Access provided by Autonomous University of Puebla. Download conference paper PDF
Similar content being viewed by others
Keywords
These keywords were added by machine and not by the authors. This process is experimental and the keywords may be updated as the learning algorithm improves.
1 Introduction
Medical image segmentation aims at estimating a dense label map of the anatomical structures in medical images, such as magnetic resonance images (MRI) of the human brain. Quantitative analysis of segmentation data is useful in many fields such as the neurosciences, where the morphometric analysis of brain structures helps characterizing the progression of diseases such as Alzheimer and Schizophrenia [2]. Manual annotation is a tedious time-consuming process which has to be done by trained experts and thus, automatic methods are highly valuable.
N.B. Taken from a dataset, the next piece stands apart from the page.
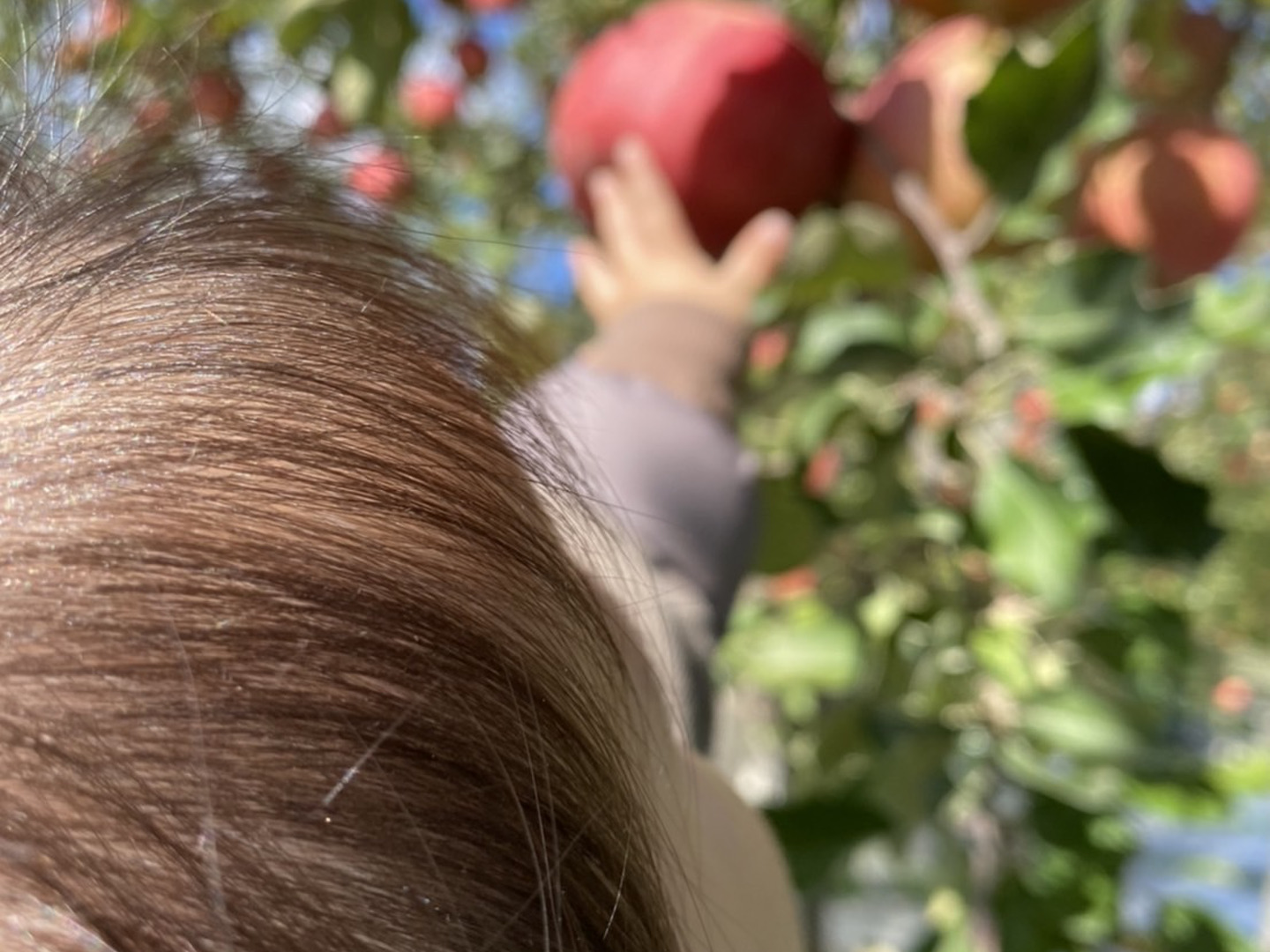 収穫時期を迎えたおいしいりんご「サンふじ」を、

Partly enhanced by the success of image registration, multiple-atlas segmentation (MAS) has recently gained attention for segmenting medical images. Three main steps are involved in MAS: (i) the image registration step registers each individual atlas onto the target image [7], (ii) the atlas selection step selects the best atlases for segmenting a particular target image [1, 13, 14], and (ii) the label fusion step fuses the registered label maps onto a consensus segmentation [3, 4, 10–12, 15–17, 21, 22].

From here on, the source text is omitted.